When you can’t refill the displays, the game ends, and you score your hand. If you have 200 or more in a currency, you score that amount; if you have less than 200, subtract 100 from that sum, then score that amount (but not less than 0); if you’ve collected all three 20s or 30s in a currency, you score 100 regardless of what you score for that currency.

Play three complete rounds, then tally your scores to see who wins.

Older editions

I’ve played Money twelve times and dig how each turn confronts you with a mini-challenge: Which cards do you want to give up in a bid? You have lots to consider when making that decision. Will the cards on display push you over 200 or complete a currency set? Can you prevent someone else from completing their set? Are you bidding with bills that someone else really wants, possibly allowing you to offer little, but attract attention from the high bidder and claim cards earlier than you might otherwise? Is the currency you want split across the four-card displays? Maybe you need to change plans…

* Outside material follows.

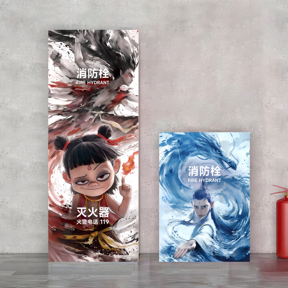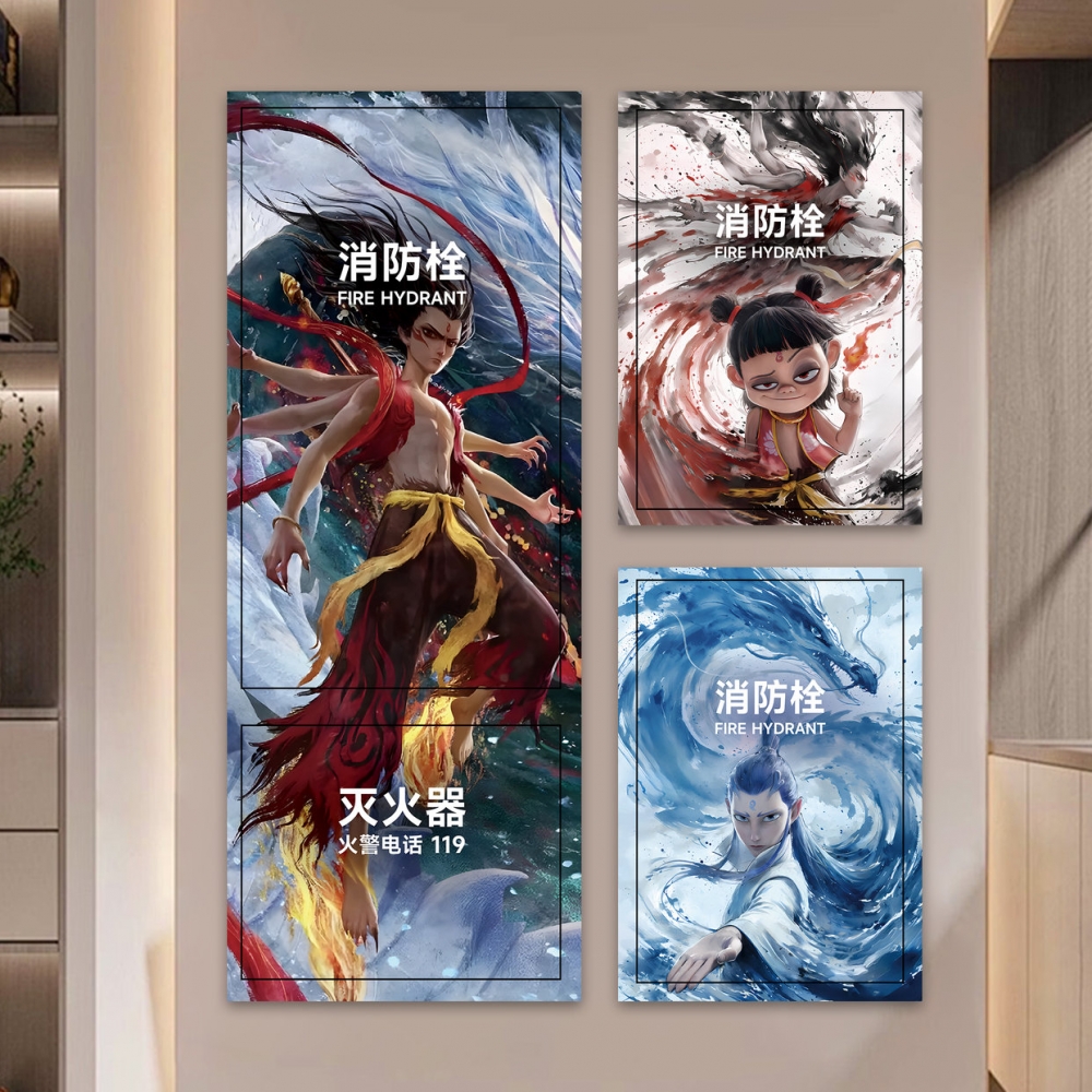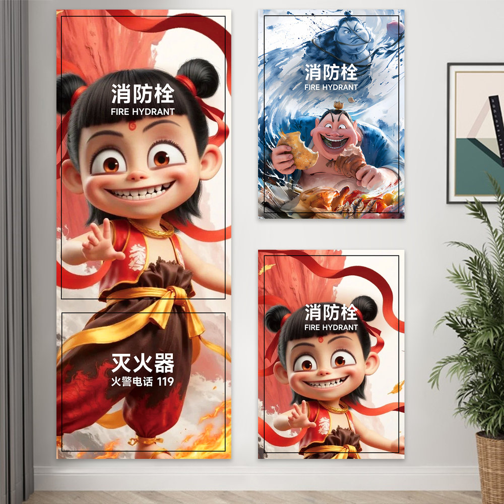 哪吒咤消防栓贴纸装 饰遮挡美化消火栓门箱墙贴标识柜门贴画遮丑
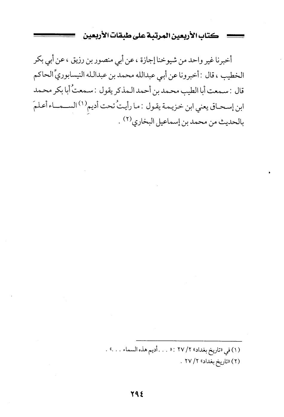 أخبرنا غير واحد من شيوخنا إجازة، عن أبي منصور بن رزيق، عن أبي بكر الخطيب، قال: أخبرونا عن أبي عبد الله محمد بن عبد الله النيسابوري الحاكم قال: سمعت أبا الطيب محمد بن أحمد المذكر يقول: سمعت أبا بكر محمد ابن إسحاق يعني ابن خزيمة يقول: ما رأيت تحت أديم السماء أعلم بالحديث من محمد بن إسماعيل البخاري.

Seven currencies don’t divide evenly among any player count, so you’re always fighting someone — often multiple someones! — to reach one threshold or another. Good stuff!

• You can check out the SPIEL ’23 listings for Playte to find other oldies, but goodies, including its “L.Board” version of Sid Sackson‘s Can’t Stop, in which the box unrolls to form the game board and release all of the components, with the triangular inner game board piece being held in place magnetically.

Playte has released multiple designs in its L.Board format, and company president Junghee Choi has told me that one of his manufacturing goals is to release games in as small a package as possible. This is certainly one way to do it!

For consistency, I’ll note that I’ve played Can’t Stop 21 times, although that’s certainly an undercount and doesn’t include online games.